Velir / dbt-ga4

dbt Package for modeling raw data exported by Google Analytics 4. BigQuery support, only.
MIT License
324 stars 135 forks source link

Add session_traffic_source_last_click fields #348

Open adamribaudo-velir opened 2 weeks ago

adamribaudo-velir commented 2 weeks ago

Description & motivation

Google recently released a new set of fields, session_traffic_source_last_click, documented as:

The session_traffic_source_last_click RECORD contains the last-click attributed session traffic source data across Google ads and manual contexts, where available.

These fields have been added to the base package model.

Checklist

adamribaudo-velir commented 2 weeks ago

@dgitis I ran this and noticed differences between our stg_ga4__sessions_traffic_sources_last_non_direct_daily model and Google's last_click fields. When I looked at the raw events, it looked like our model was more accurate which was weird.

I think it will only confuse people to have 2 definitions of 'session last click attribution' in the package. I suppose we should just include these fields and remove stg_ga4__sessions_traffic_sources_last_non_direct_daily just thought I'd check with you first.
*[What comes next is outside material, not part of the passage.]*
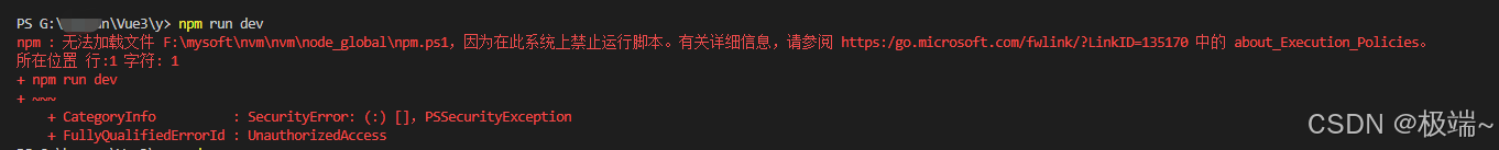 到此这篇关于npm无法加载文件:因为在此系统上禁止运行脚本解决的文章就介绍到这了,更多相关npm无法加载文件内容请搜索代码网以前的文章或继续浏览下面的相关文章希望大家以后多多支持代码网!

dgitis commented 2 weeks ago

The advantage of our method over Google's is that we don't decouple the attribution fields where GA4 does.

So, if you see source / medium / campaign from sessions in this order from earliest to latest:

facebook / paid_social / my_fb_campaign google / organic direct

The last, non direct source / medium / campaign in GA4 would be google / organic / my_fb_campaign while the package would return google / organic / null.

As with my comment on the other PR, should we maybe make this configurable?

The advantages of using Google's definitions are as follows:

While the advantage of our definitions are as follows:

I'm thinking that we create a use_google_attribution_fields variable.

At this stage, the new variable only enables these fields in the base model, but in the future we could modify our various attribution models to detect this variable and return vastly different SQL depending on the configuration.